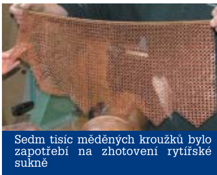
Seдем tisíc měděných kroužků bylo zapotřebí na zhotovení rytířské sukne
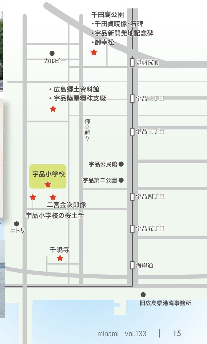
明治44年に宇品陸軍糧食支廠(りょうまつししょう)缶詰工場として建てられた建物は、現在広島市郷土資料館として活用。
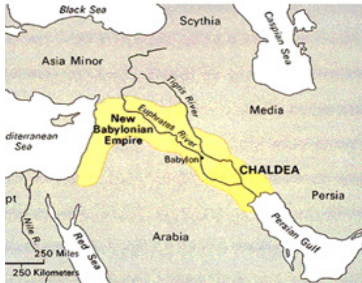
(padîsahiya Keldanan piştî 612-an b.z.)

naskirî di droka mirovatîyê da di hezarsala pêncan b.z. da li niştecihê Keldanên pêşîn peyda bûye; hên pêş ku Sûmerî bigihînin başûrê Mêzopotamiya bi dora 1500 sal. Ew Akkadiyan , Babiliyan , Aşûriyan û Suryanan hemîyan vedigerîne ser " Keldanên pêşîn " 6 .
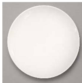
ASSIETTE À STEAK D 27CM
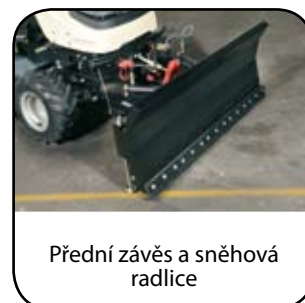
Přední závěs a sněhová radlice
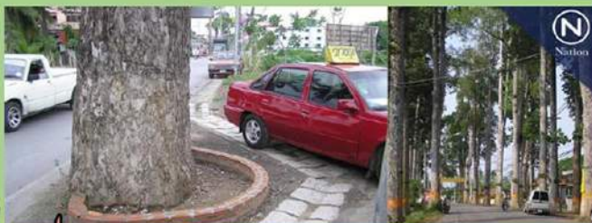
ประกาศคุ้มครองถนนเชียงใหม่-ลำพูน อู่รถยกบางกอก-ต้นซึกสิบลมยร.5
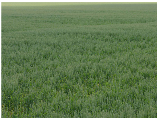
Billede 2. Pletter i hvedemark med angreb af hvededværgvirus.
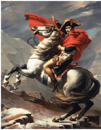
David, Napoléon traversant le Grand Saint Bernard , 1801

About this task
All of the material is to be reproduced verbatim, pictures excluded.

Answer section
Seдем tisíc měděných kroužků bylo zapotřebí na zhotovení rytířské sukne
明治44年に宇品陸軍糧食支廠(りょうまつししょう)缶詰工場として建てられた建物は、現在広島市郷土資料館として活用。
(padîsahiya Keldanan piştî 612-an b.z.)

naskirî di droka mirovatîyê da di hezarsala pêncan b.z. da li niştecihê Keldanên pêşîn peyda bûye; hên pêş ku Sûmerî bigihînin başûrê Mêzopotamiya bi dora 1500 sal. Ew Akkadiyan , Babiliyan , Aşûriyan û Suryanan hemîyan vedigerîne ser " Keldanên pêşîn " 6 .
ASSIETTE À STEAK D 27CM
Přední závěs a sněhová radlice
ประกาศคุ้มครองถนนเชียงใหม่-ลำพูน อู่รถยกบางกอก-ต้นซึกสิบลมยร.5
Billede 2. Pletter i hvedemark med angreb af hvededværgvirus.
David, Napoléon traversant le Grand Saint Bernard , 1801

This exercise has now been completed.